From the first formula of Vieta $\tau_1+\tau_2+\tau_3=3\sqrt{3}$ we get
$$\tau_2+\tau_3=3\sqrt{3}-\tau \tag{6}$$
and from the third $\tau_1\cdot \tau_2\cdot \tau_3=-\sqrt{3}$ we deduce
$$\tau_2\cdot \tau_3=-\frac{\sqrt{3}}{\tau} \tag{7}$$
(6) and (7) show that $\tau_{2,3}$ are the roots of the quadratic equation
$t^2-(3\sqrt{3}-\tau) \cdot t-\frac{\sqrt{3}}{\tau}=0 \tag{8}$
Let's calculate its discriminant: $\Delta_2=(3\sqrt{3}-\tau)^2+\frac{4\sqrt{3}}{\tau}=$
$\overset{\color{Red}{!!!}}{=}27-6\sqrt{3}\cdot \tau+\tau^2+\frac{4\sqrt{3}\cdot \tau}{\color{Red}{\tau^2}}=\frac{\tau^4-6\sqrt{3}\cdot \tau^3+27\cdot \tau^2+4\sqrt{3}\cdot \tau}{\color{Red}{\tau^2}}=$
$\overset{(4)}{\underset{(3)}{=}}\frac{(30\cdot \tau^2+8\sqrt{3}\cdot \tau-9)-6\sqrt{3}(3\sqrt{3}\cdot \tau^2+3\cdot \tau-\sqrt{3})+27 \tau^2+4\sqrt{3}\cdot \tau}{\color{Red}{\tau^2}}=\frac{3\cdot \tau^2-6\sqrt{3}\cdot \tau+9}{\color{Red}{\tau^2}}=\frac{(\sqrt{3}\cdot \tau-3)^{\color{Red}2}}{\color{Red}{\tau^2}}$
< Hallelujah, I got a perfect square !!! >
Let's do a little more calculation to make writing easier : $\pm\sqrt{\Delta_2}=\frac{\sqrt{3}\cdot \tau-3}{\tau}=$
$=(\sqrt{3}\cdot \tau-3)\cdot \frac{1}{\tau}\overset{(5)}{=}(\sqrt{3}\cdot \tau-3)\left (-\frac{\sqrt{3}}{3}\cdot \tau^2+3\cdot \tau+\sqrt{3}\right )=$
$=-\tau^3+\sqrt{3}\cdot \tau^2+3\sqrt{3}\cdot \tau^2-9\cdot \tau+3\cdot \tau-3\sqrt{3}=$
$\overset{(3)}{=}-(3\sqrt{3}\cdot \tau^2+3\cdot \tau-\sqrt{3})+4\sqrt{3}\cdot \tau^2-6\cdot \tau-3\sqrt{3}=\color{Blue}{\sqrt{3}\cdot \tau^2-9\cdot \tau-2\sqrt{3}}$
!!! Remember this expression !!!
With these, the equation (8) has the roots
$\tau_{2,3}=\frac{3\sqrt{3}-\tau \pm \sqrt{\Delta_2}}{2}=\frac{3\sqrt{3}-\tau \pm (\sqrt{3}\cdot \tau^2-9\cdot \tau-2\sqrt{3})}{2} \tag{9}$
from where we obtain the expressions (2).
$\blacksquare$
REMARKS CiP
1. In the calculation of $\Delta_2$ that follows immediately after the equation (8), I made a trick so that at least the denominator would be a perfect square.
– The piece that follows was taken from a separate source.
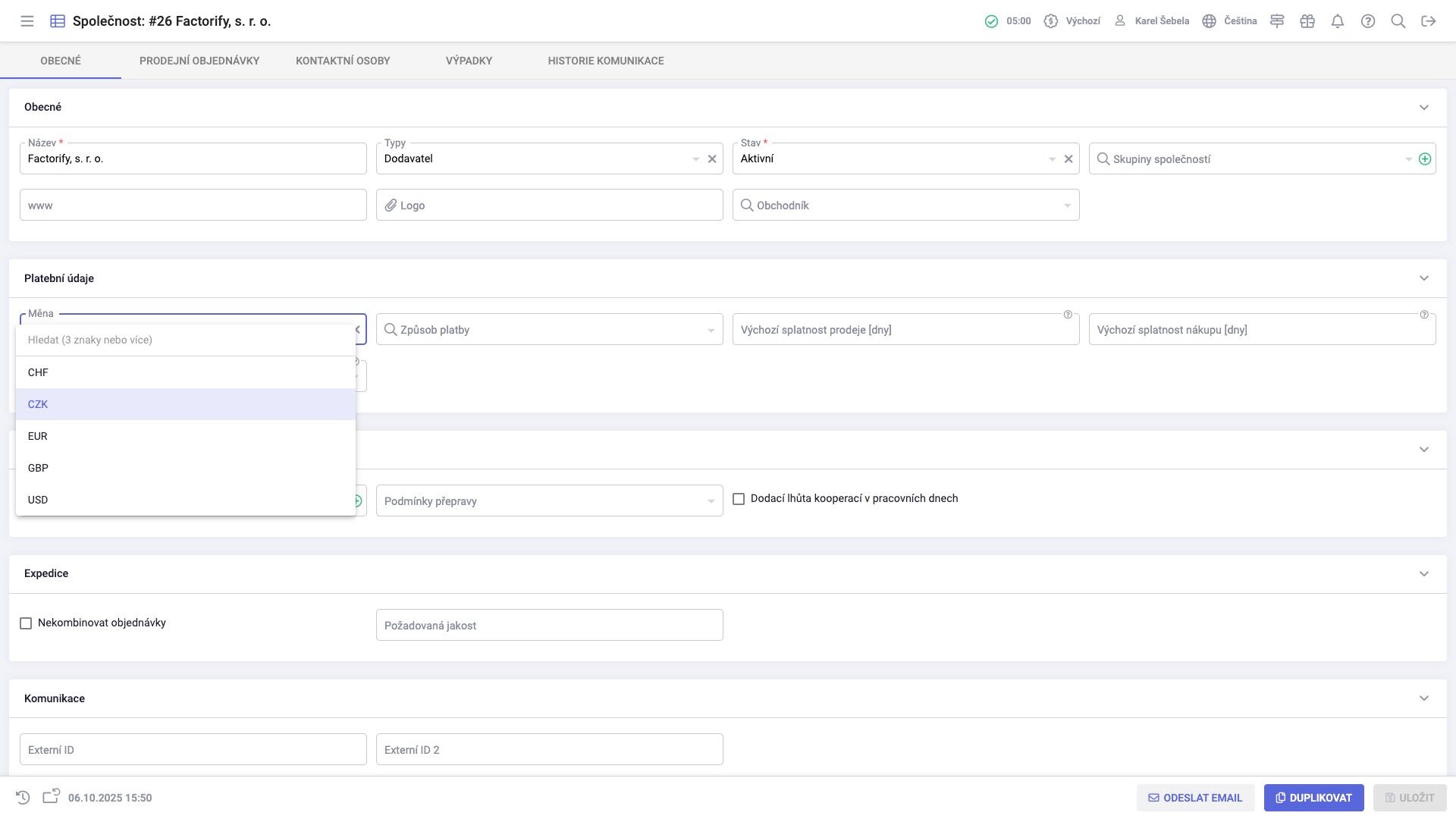 Pokud v agendě společností máte u zákazníka uvedené hodnoty měna, podmínky přepravy, dodací adresa atd., doplní se automaticky.

Then I was lucky enough !! Compare with the Post << Not only God does not help, but also Allah does not "put you in trouble">>.
If in (7) we had used (5), obtaining $\tau_2\cdot \tau_3=\tau^2-3\sqrt{3}\cdot \tau-3$, then for the equation (8) we would have had $\Delta_2=(3\sqrt{3}-\tau)^2-4(\tau^2-3\sqrt{3}\cdot \tau-3)=39+6\sqrt{3}\cdot \tau -3\cdot \tau^2.$ Seeing this expression of $\Delta_2$ we wondered, as we did in the Post How? can we recognize a perfect square??, "how the hell" can we notice - compare with (9) - that
$$\color{Blue}{39+6\sqrt{3}\cdot \tau-3\cdot \tau^2=(\sqrt{3}\cdot \tau^2-9\cdot \tau-2\sqrt{3})^2}$$
Problem NOT solved yet.
2. The theoretical part about when and how such a statement is possible was exposed in the Post "The Rational Expressions for Roots of Cubic Polynomial". There are some differences, but only apparent.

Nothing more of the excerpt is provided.